How to attack a two time pad if the plain text is randomized?

As an extension to this quesiton, or this one how would you go about attacking a re used pad if the plaintext was randomized before being encrypted?

  0 0 0 1...         Plaintext

0 1 1 1            seed(truly random number)
0 1 0 1            Key1
0 0 1 0            seed + Key1 mod 2 (=Cipher1)

0 1 1 0...         Plaintext + PRNG(seed) mod 2 (=CipherR)
1 0 1 0...         Key2(repeating 2 bit key "1 0")
1 1 0 0...         CipherR + Key2 mod 2 (=Cipher2)

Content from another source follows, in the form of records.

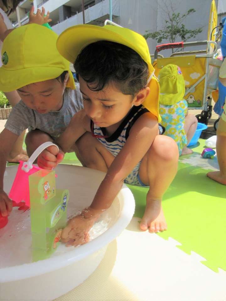 雨の日は室内で過ごし、晴れの日は水遊びがスタートしました☀️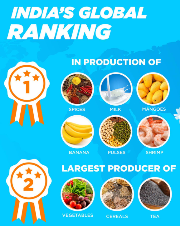 India leads in milk and millet production, and ranks second in fruits, vegetables, and fish output.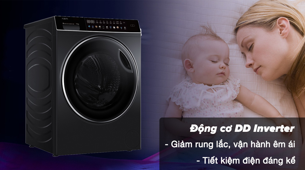 – Trang bị động cơ DD Inverter: Giảm thiểu tối đa rung lắc và độ ồn của máy giặt trong suốt quá trình vận hành, đồng thời sử dụng điện tiết kiệm mà vẫn mang lại khả năng giặt sạch tối ưu cho quần áo.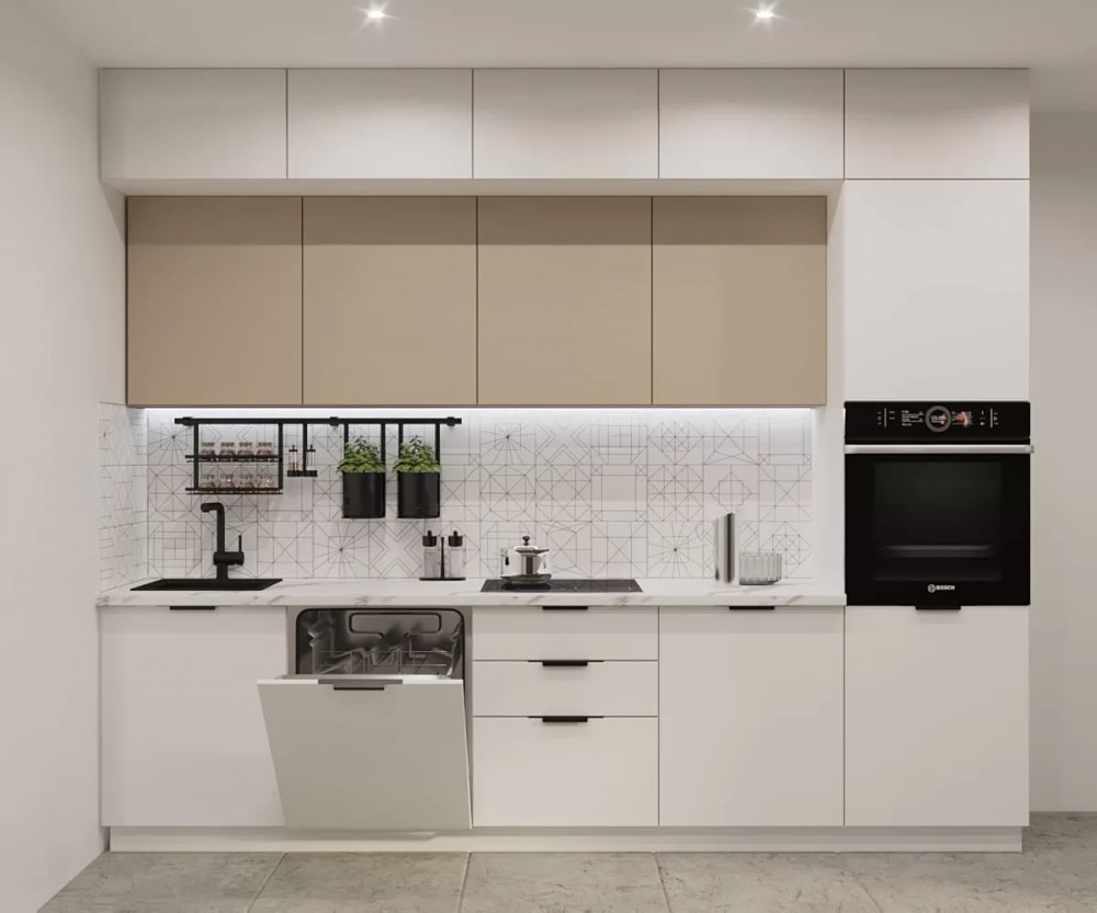 Кухонный прямой гарнитур арт.21, 3000 мм, Фаска/Тальк/Пикрит в Тюмени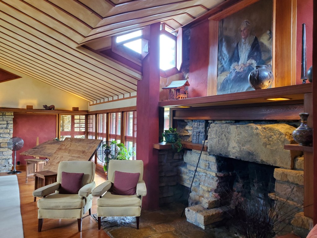 The hearth at Taliesin, with portrait of FLW’s mother, Anna Lloyd Jones Wright
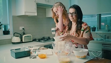 Chasey is in the kitchen baking and nothing is going to distract her. Not even Charlie. Watch Charlie caress Chasey’s neck and suck her beautiful Greek nipples before Charlie is fucked with a rolling pin. All the while Chasey continues to bake unfazed. Charlie finally climbs onto the kitchen bench and cums with Chasey between her legs licking cake batter off her thighs. A unique and cinematic exploration of the Free Use genre. Free Use is not often explored out of fear of the difficulty in showing consent; this film manages to walk the line very eloquently and you are left feeling a very intimate connection between Charlie and Chasey.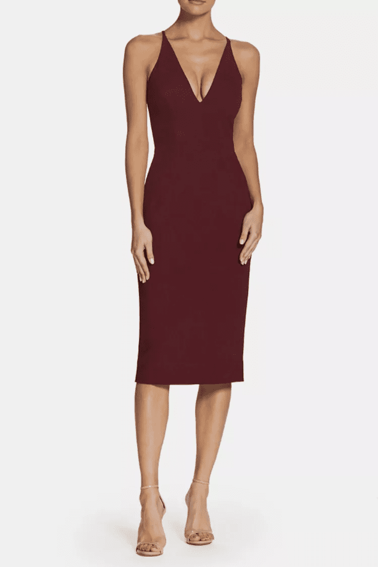 DRESS THE POPULATION LYLA PLUNGING MIDI SHEATH DRESS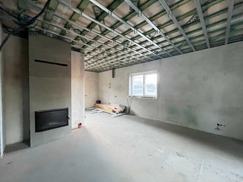 Планування: тамбур, коридор, вітальня з вже встановленим каміном фірми Dovre та виходом на криту терасу, кухня, дві спальні, санвузол, технічне приміщення та мансардний поверх оздоблений деревом з відкритим простором.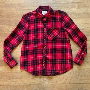 Forever 21 red and black long sleeve button down shirt top size small S b24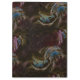 Atomic swirl, 50s space age, mid century modern retro pattern. Black with purple, blue, yellow colour swirls.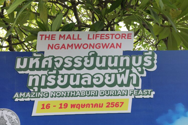 วันนี้ (16 พ.ค.67) เวลา 10.00 น. นางสาวปาณิสรา กาญจนะจิตรา รองผู้ว่าราชการจังหวัดนนทบุรี เป็นประธานเปิดงานมหัศจรรย์นนทบุรีทุเรียนลอยฟ้า โดยจังหวัดนนทบุรีร่วมกับเดอะมอลล์ไลฟ์สโตร์ งามวงศ์วาน สำนักงานเกษตรจังหวัดนนทบุรี, พาณิชย์จังหวัดนนทบุรี และเครือข่ายวิสาหกิจชุมชนจังหวัดนนทบุรี จัดงาน “มหัศจรรย์นนทบุรีทุเรียนลอยฟ้า AMAZING NONTHABURI DURIAN FEAST” ชวนมาทานบุฟเฟต์ทุเรียนหมอนทอง และผลไม้อื่น ๆ ภายในงานแบบจุก ๆ ไม่อั้น พร้อมลุ้นรับทุเรียนนนท์ฟรี! งานดังกล่าวจัดขึ้นระหว่างวันที่ 16 -19 พฤษภาคม 2567 ที่ชั้น 6 เดอะมอลล์ไลฟ์สโตร์ งามวงศ์วาน สำหรับบุฟเฟต์ทุเรียน เดอะมอลล์ งามวงศ์วาน มีผลไม้ให้รับประทาน คือ ทุเรียนหมอนทอง มังคุด เงาะ ไอศกรีม น้ำสมุนไพร ราคา 699 บาท/ ท่าน พิเศษสมาชิก MCard แลก 59 M Point หรือ สมาชิก/ลูกค้า สวนน้ำ แฟนตาเซีย ลากูน ลดเหลือเพียง 595 บาท/ ท่าน (สิทธิพิเศษมีจำนวนจำกัด) แบ่งเป็นกี่รอบต่อวันบุฟเฟต์ทุเรียนหมอนทอง 60 นาทีเต็ม (5 รอบต่อวัน /จำกัดรอบละ 60 ท่านต่อรอบ) คือ รอบ 12.30 น. รอบ 14.00 น. รอบ 15.30 น. รอบ 17.00 น. และรอบ 18.30 น.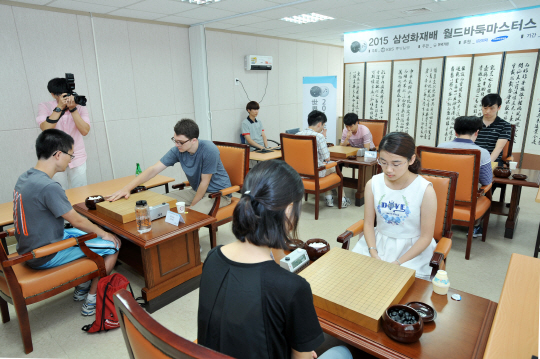 ◇최철한 9단 등 한국 기사 8명이 2015 삼성화재배 월드바둑마스터스 본선 32강에 합류했다. 5일 열린 통합예선 결승 대회 장면. 사진제공=한국기원

0 0 1 0 1 1 0 0... Cipher1 & Cipher2 → ciphertext


This is using a OTP cipher to transmit the seed of a PRNG, then using a Vernam cipher with a repeating key to transmit the plaintext XORed with the PRN. Increasing the message length a little, hopefully to avoid cribbing.

How do you decode the Vernam cipher after the plain text has been randomized?

If your PRNG is good and your seed unknown $C_R = pt \oplus PRNG(seed)$ is essentially already an encryption of the plaintext using a stream cipher constructed from a PRNG.
Therefore $K_2 \oplus C_R$ can be viewed as an encryption of $K_2$. This is not useful but it also doesn't help an attacker.